>>>
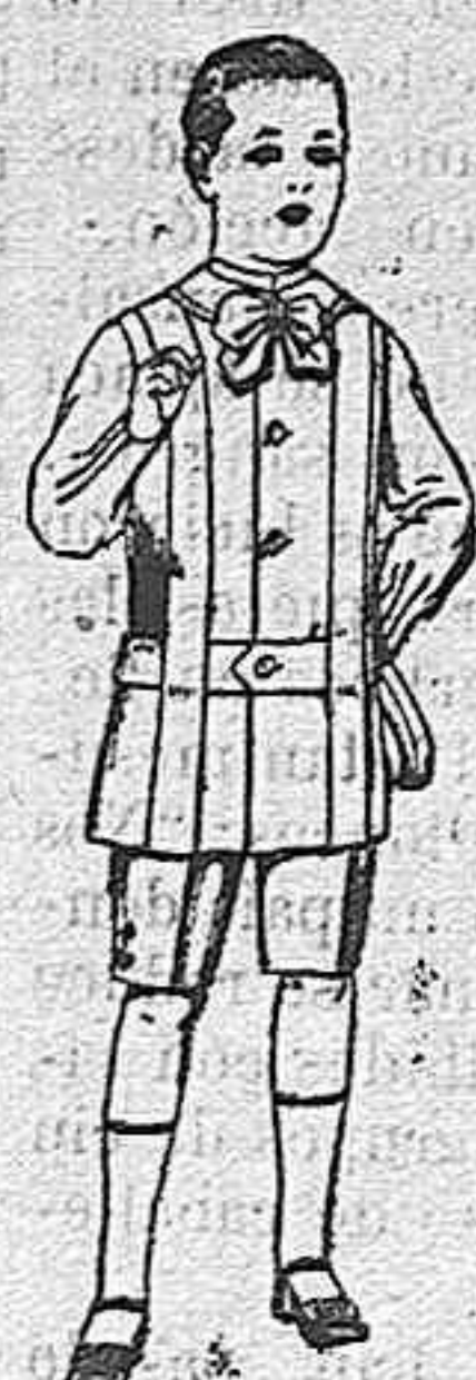
Trajes de lanilla, melton, etc. para niños d 4 á 7 años De ptas. 16 á 33.
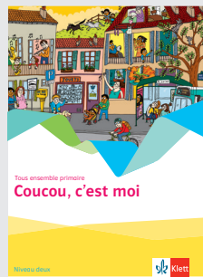
Coucou, c'est moi – Niveau deux

Chez moi – Niveau deux Mon école – Niveau deux
<<<
* _Required work_:
Please output, exactly, the lines of the listing from the one containing "Coucou, c'est moi – Niveau deux" through the last, inclusive, and no other lines.

* _Answer_:
Coucou, c'est moi – Niveau deux

Chez moi – Niveau deux Mon école – Niveau deux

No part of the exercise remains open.